Riches and What To With Them

Paul Terhorst has written an interesting article in International Living magazine in which he discusses what people have done with their riches. He discusses Henry Ford, who at forty years of age, located Ford eleven investors to bankroll the Ford Motor Company with an original total $28,000 investment. One of them, a lawyer named John Wendell Anderson, wrote his physician father asking to borrow $5000 to invest in the company. Having secured the loan from his reluctant father he invested in the company and by 1903 that investment had become $19 Million. In fact, all of the investors had become enormously wealthy. Anderson cashed out and he and his wife joined the "jet set" of the times. He withdrew from the law practice, bought an expensive summer place and an 80 foot yacht. For the rest of their lives they enjoyed the money and traveled all over Europe

On the other hand, another original investor was lawyer Horace Rackham. He fortuitously became friends with Ford when the senior partners at his law firm were too busy to help young Ford and sent him down the hall to Rackham who then drafted the papers to form the Ford Motor Company. Rackham invested $5000 in the company. Unlike Anderson, Rackham continued his ownership in the company until bought out by Ford. During the rest of his life Rockaham continued to live as he had before becoming a wealthy multi millionaire. He rode street cars to work and even if it was raining he ignored taxi’s and would wait for the trolley. He shoveled his own snow and watched his pennies. He left his millions to charity.

Tehorst goes on to compare Henry Flagler, John D. Rockefeller’s partner in Standard Oil with Rockefeller Rockefeller. After eight years of being Rockefeller’s partner, he quit, moved to Florida, built the famous Breaker’s Hotel and the Royal Palm. He constructed a 60,000 square foot mansion, now the Flager Museum, in Palm Beach where he died at 83 years of age. Flagler enjoyed the good life his millions brought him.

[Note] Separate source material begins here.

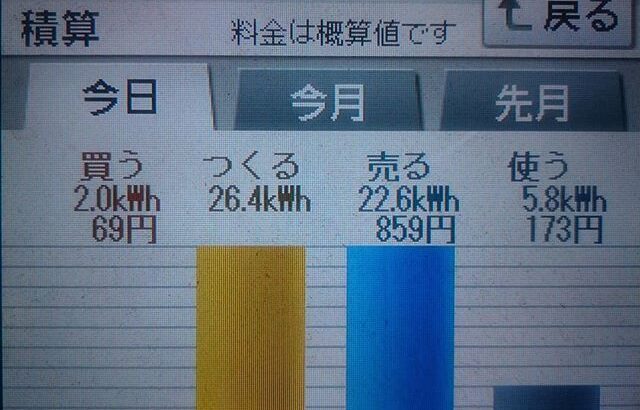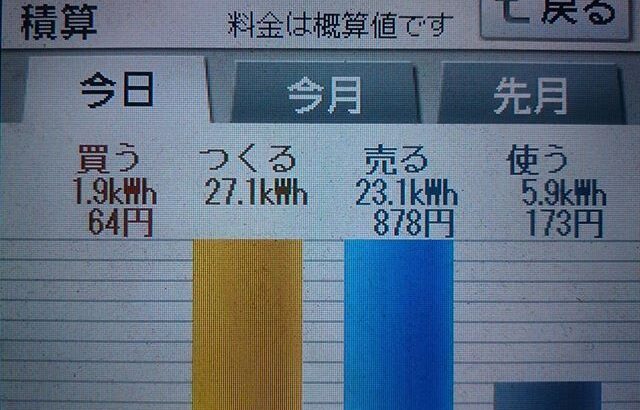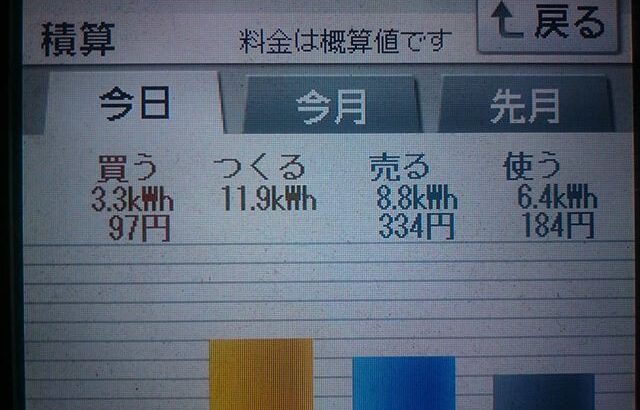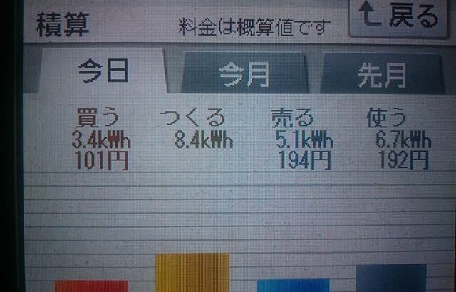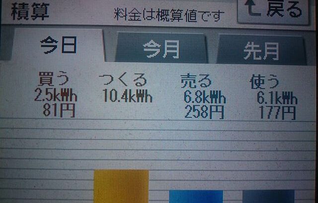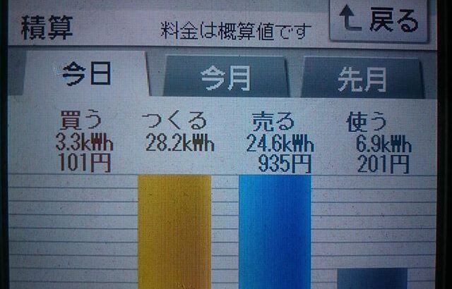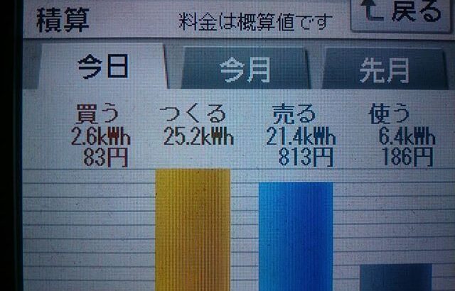パナソニックHIT240 5kW 2018/6/6の太陽光発電量 8.4kWh …

Rockefeller on the other hand continued to live a orderly and dull life. He lived relatively frugularly and was regarded as a penny pincher with his own family. He continued work the rest of his life and to live a conservative life accumulating more and more money. When Rockefeller died at almost 100 years of age he was the world’s richest man. He left his money to charity.

So, there you have it. One person with millions decides to enjoy the money. Another, decides to use it to accumulate more and more until at death it’s left to others to use. What did Jesus say? It’s easier for a camel to go through the eye of a needle then for a rich man to enter the kingdom of heaven.  And He told the parable of Lazarus and the rich man. The late Dorothy Day used to say that alms giving was the rich person’s means of salvation. All I know is that given the choice I like the tee shirt that reads "When I die, the dog gets everything."